Entah apa yang terjadi ketika itu, Caca di temukan di dalam villa itu
dengan keadaan pingsan dengan luka lebam di beberapa bagian tubuhnya dan luka di
kepala yang mengeluarkan banyak darah. Saat di temukan Caca tidak sadarkan
diri.
Roy yang merasa Caca tidak di temukan ia meminta bantuan oleh aku dan Budi.

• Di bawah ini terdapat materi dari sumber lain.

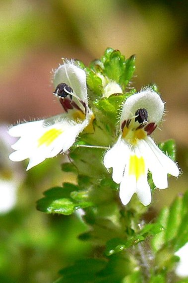 高山の乾いた草地などに生える半寄生の1年草で、高さは3〜15センチ。茎は直立し、曲がった白毛と開出する腺毛がある。葉は小さく、倒卵形か広いへら形で、長さは幅より少し長く、縁に2〜3対の先の鈍い鋸歯がある。
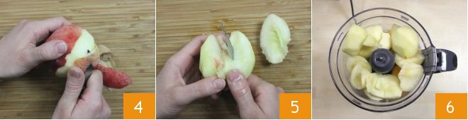Mientras tanto, pela los melocotones 4, retira el hueso, córtalos en rodajas 5 y colócalos en una batidora 6.
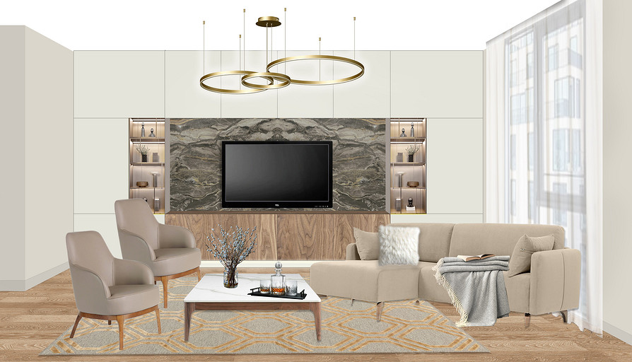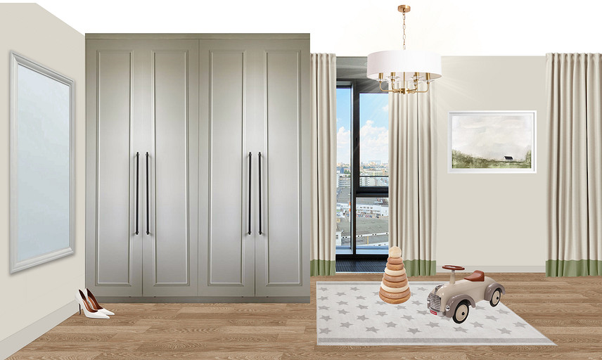 Это проект упаковки апартаментов в очень классном клубном доме Soho+Noho, недалеко от м.Белорусская. Помимо очень достойной отделки от застройщика внутри квартир тут еще и потрясающие входные группы, сауна, тренажерный зал, библиотека, переговорная комната — все это специально только для жителей. И плюс это выглядит супер стильно и премиально. Мне предстояло оформить эти апартаменты для большой семьи — и организовать праздничную кухню-гостиную, где будут часто гости (муж — иностранец, турок, у них принято часто бывать в гостях), и приватные зоны для всех членов семьи.
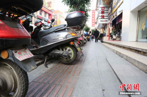 资料图:在广西柳州闹市区周围,多处盲道变成了临时停车场,一些盲道还出现不合理的设计,使盲道变“盲”。李俊锋 摄
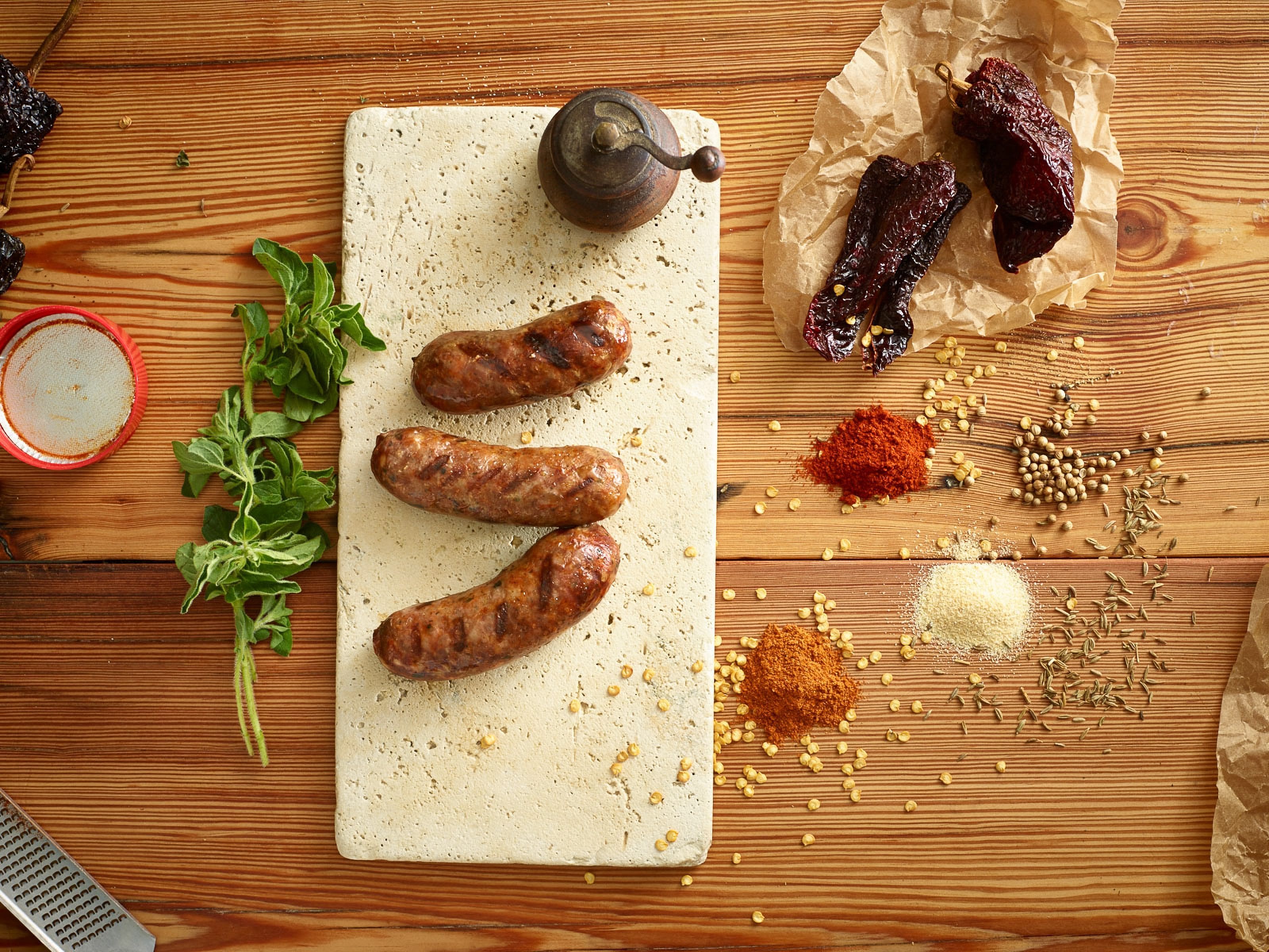 A classic North-African and Spanish sausage made from lamb. Lots of roasted red pepper and fresh oregano.
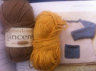 On Saturday evening I spent an hour going through my yarn stash, picking out a few nice balls that I wanted to use up, and matching them with patterns. I’ve started with the Noah sweater from “What To Knit When You’re Expecting”, using some Freedom Sincere Organic Cotton DK, and some Rowan Purelife Organic Cotton DK. This stuff knits up beautifully, it’s really soft and smooth. The pattern is pretty easy, so I’ve knitted the back and front of the sweater already. Here’s a wee sneak peek!
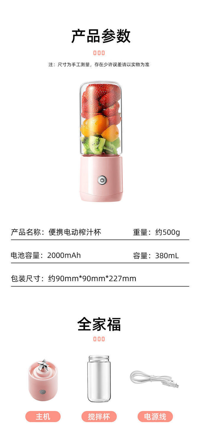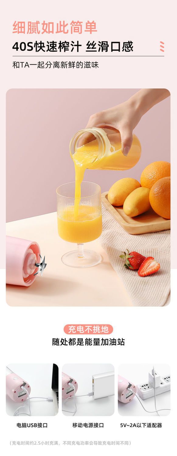 휴대용 과즙 과일 및 야채 주스 컵 충전식 작은 과일 주서 신선한 과일 가정용 미니 튀김 학생스토어 가기
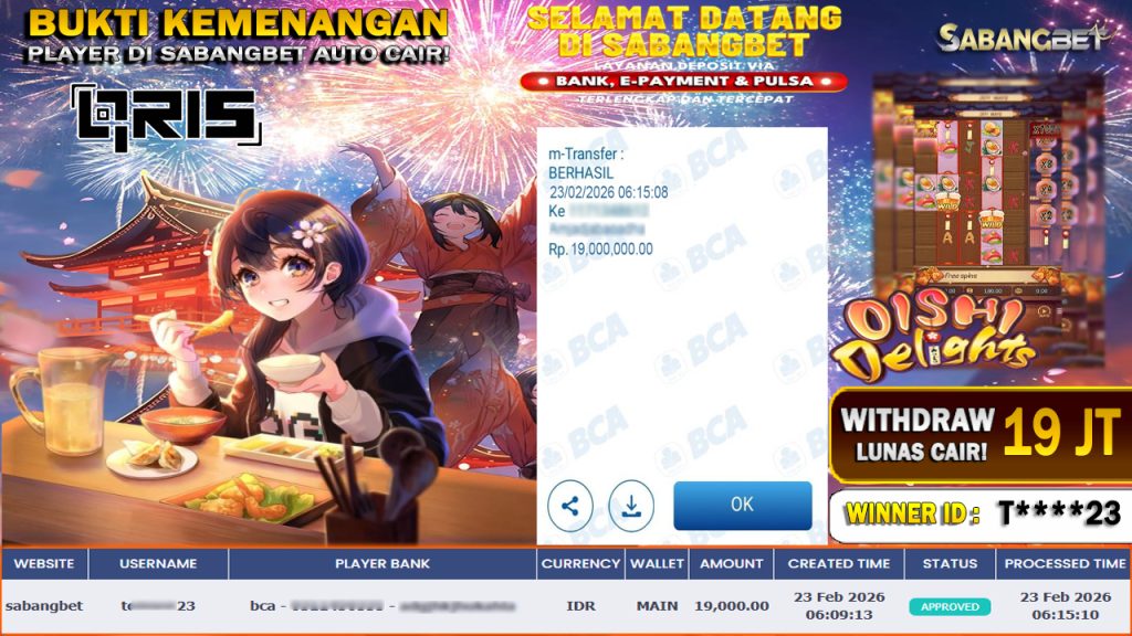 BUKTI KEMENANGAN 23 FEBRUARI 2026 DI GAME OISHI DELIGHTS WD 19 JUTA
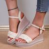 Женские босоножки на танкетке со стразами и пряжкой, женские туфли на высоком каблуке с открытым носком в римском стиле, удобные и легкие, женские туфли-лодочки, сандалии
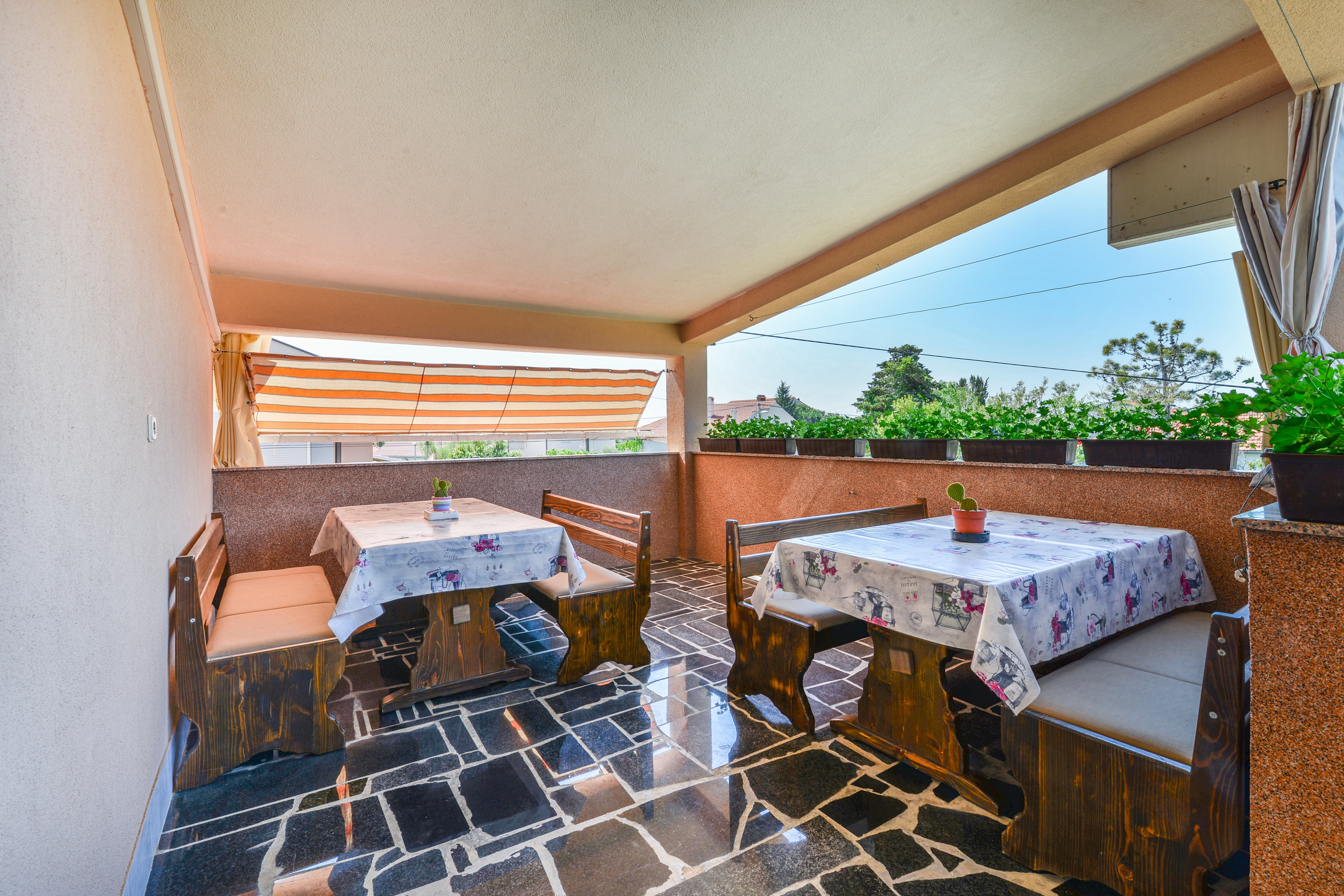 House 19555 in the town of Nin, Zadar - North Dalmatia has accommodation units of type Apartment (4) and is 200 m away from the sea. The nearest beach to this accommodation is a sand beach. Other guests will most likely be present in the house during your holiday. Your hosts will not be staying in the house during your holiday. The house owner is under no obligation to accept additional persons and pets that were not stated in the reservation request and it is necessary to report them in advance.AMENITIES Infield (Well-kept), Courtyard (250m2, Sitting area), Parking lot (Number of parking spaces: 4, Distance from the house: In the courtyard), Barbecue: shared, WiFi Internet LOCATION AND ACCESS Facility is situated near a local road Local road between the property and the beach Car access possible: Yes The facility is situated in quiet surroundings The facility is partly surrounded by vegetation DISTANCES Sea: 200 m Beach: 1.3 km Center: 17 km Shop: 250 m Urgent medical care: 500 m Pharmacy: 450 m Exchange office: 350 m ATMBank machine: 300 m Tourist info: 350 m Airport: 26 km Farmers market: 450 m

Kami berdua mencarinya hingga menemukannya di villa itu. Yang membuat kami
heran dan tidak pernah tau atas apa yang terjadi saat itu adalah ketika apa
yang kami lihat di villa itu.
Sekitar beberapa orang lelaki yang berbadan besar mati mengenaskan di
sekitar villa. Dan seorang wanita sekitar berumur 30tahunan dan empat orang
laki-laki juga mati di ruangan yang sama di mana kami menemukan Caca. Kodisi
saat itu sangat membuat kami syok, dan kami bersyukur bahwa Caca masih hidup.
Ketika itu kami sudah memeriksa semua area di sana dan orang-orang itu
tidak bernyawa. Saat itu kami panik sehingga aku memutuskan untuk membawa Caca
ke rumah sakit sedangkan Budi membereskan semua masalah itu.
Dan kami juga mendapatkan kabar dari kepolisian bahwa hal itu hanya sebuah
kejadian penculikan biasa. Namun kami tetap tidak percaya dengan apa yang di
katakan polisi. Pihak polisi hanya membantu biaya perawatan Caca hingga sembuh.
Terimakasih sudah berkunjung ke story saya.
__ADS_1
Jangan lupa dukung Author dengan like + koment + bintang 5 dan Vote ya setelah
membaca.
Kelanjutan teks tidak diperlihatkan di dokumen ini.